WHAT YOU SHOULD DO »
Pictures do not belong in the copy. Output exactly the lines from the one containing "(CLOSE OUT) STERLING" to the end of the listing below.

=== Begin Enclosure ===

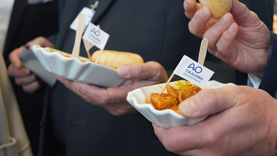 Ein traditionelles Highlight war auch in diesem Jahr der AO Trauma Deutschland Empfang mit beliebter Currywurst. Diese Tradition ist durch das kollegiale Miteinander, eine freundliche Atmosphäre und den fachlichen Austausch für Jedermann eine Bereicherung. Die gute Stimmung ist auf unseren Fotos sehr gut zu erkennen.
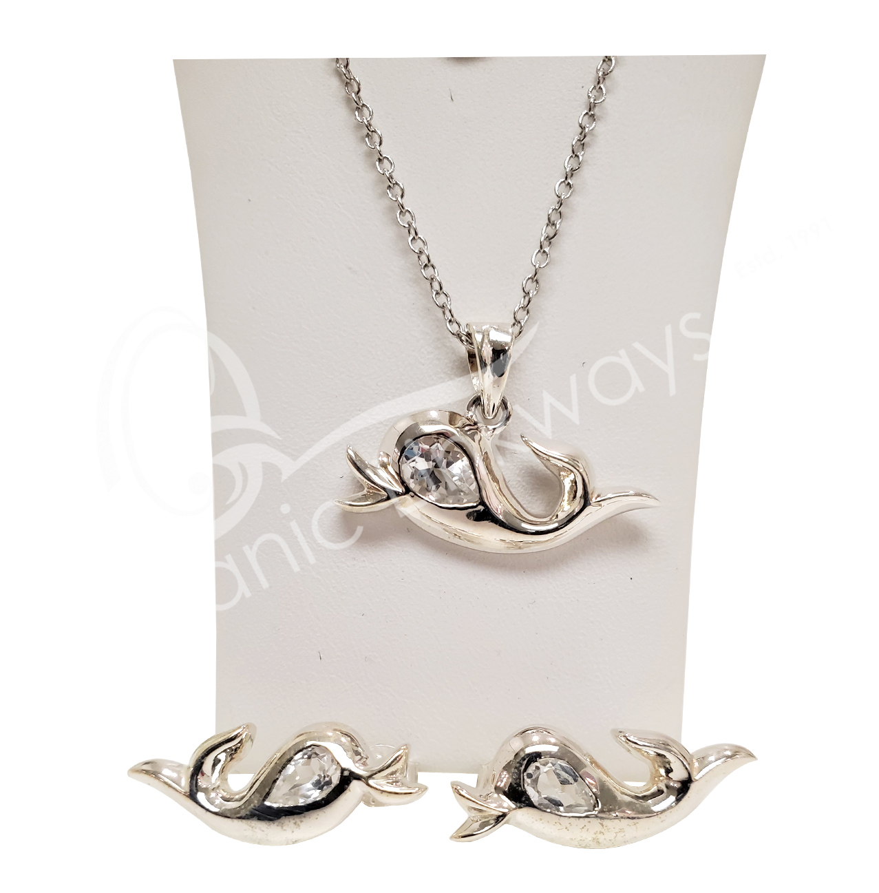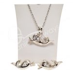 (CLOSE OUT) STERLING SILVER – SET EARRINGS & PENDANT DOLPHIN CRYSTAL
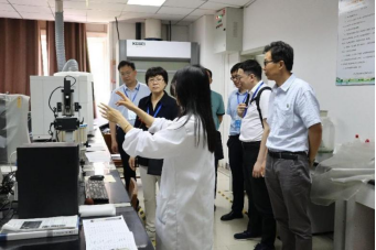专家考察实验室并认真查看员工实验报告
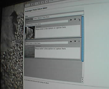 ![]() ![]() ![]() ![]() Marc Schwartz, another PLWer, is working on a Java applet that automatically detects the images in the memory of any digital camera and downloads them. This functionality is already in Windows XP and Mac OS X, but the advantage to a Java applet is that it works across the major computer platforms and installs itself via the Internet. An applet like this would make uploading images to a web site from a cybercafe very easy. - mike lee - cambridge |
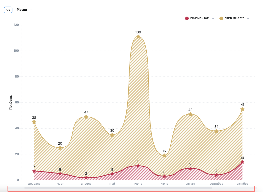 если на диаграмме отображаются несколько показателей - включение\отключение демонстрации отдельных показателей с автоматическим масштабированием по вертикальной оси остальных. При наличии большого количества показателей не вмещающихся в одну строку появляется кнопка - стрелочка по нажатии на которую можно раскрыть остальные показатели;
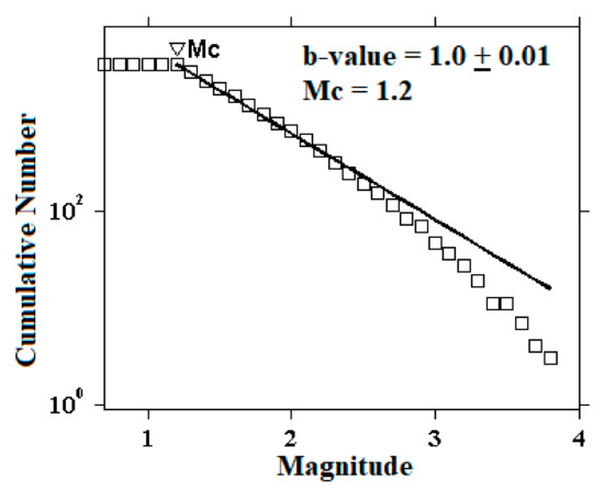 Therefore, accurate knowledge of Mc is essential for many seismicity-based studies, particularly seismicity parameters such as the b-value of the G-R relationship. As such, a large b-value indicates a high frequency of earthquakes with relatively small magnitudes of earthquakes. The estimated b-value is 1.00 ± 0.01 in this study, which indicates that the earthquake occurred due to active tectonics in the region.
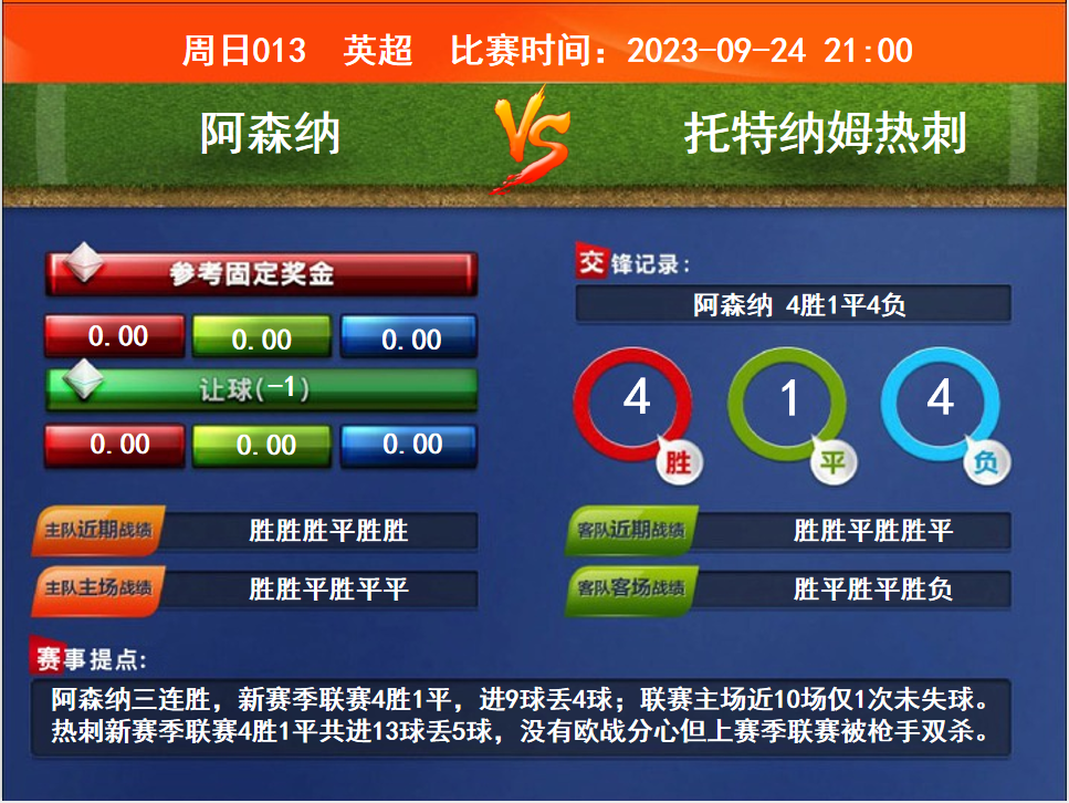 比賽時間:2023-09-24 21:00賽事提點:阿森納三連勝,新賽季聯賽4勝1平,進9球丟4球;聯賽主場近10場僅1次未失球。熱刺新賽季聯賽4勝1平共進13球丟5球,沒有歐戰分心但上賽季聯賽被槍手雙殺。

=== End Enclosure ===

RESULT OF THE TASK »
 (CLOSE OUT) STERLING SILVER – SET EARRINGS & PENDANT DOLPHIN CRYSTAL
专家考察实验室并认真查看员工实验报告
 ![]() ![]() ![]() ![]() Marc Schwartz, another PLWer, is working on a Java applet that automatically detects the images in the memory of any digital camera and downloads them. This functionality is already in Windows XP and Mac OS X, but the advantage to a Java applet is that it works across the major computer platforms and installs itself via the Internet. An applet like this would make uploading images to a web site from a cybercafe very easy. - mike lee - cambridge |
 если на диаграмме отображаются несколько показателей - включение\отключение демонстрации отдельных показателей с автоматическим масштабированием по вертикальной оси остальных. При наличии большого количества показателей не вмещающихся в одну строку появляется кнопка - стрелочка по нажатии на которую можно раскрыть остальные показатели;
 Therefore, accurate knowledge of Mc is essential for many seismicity-based studies, particularly seismicity parameters such as the b-value of the G-R relationship. As such, a large b-value indicates a high frequency of earthquakes with relatively small magnitudes of earthquakes. The estimated b-value is 1.00 ± 0.01 in this study, which indicates that the earthquake occurred due to active tectonics in the region.
 比賽時間:2023-09-24 21:00賽事提點:阿森納三連勝,新賽季聯賽4勝1平,進9球丟4球;聯賽主場近10場僅1次未失球。熱刺新賽季聯賽4勝1平共進13球丟5球,沒有歐戰分心但上賽季聯賽被槍手雙殺。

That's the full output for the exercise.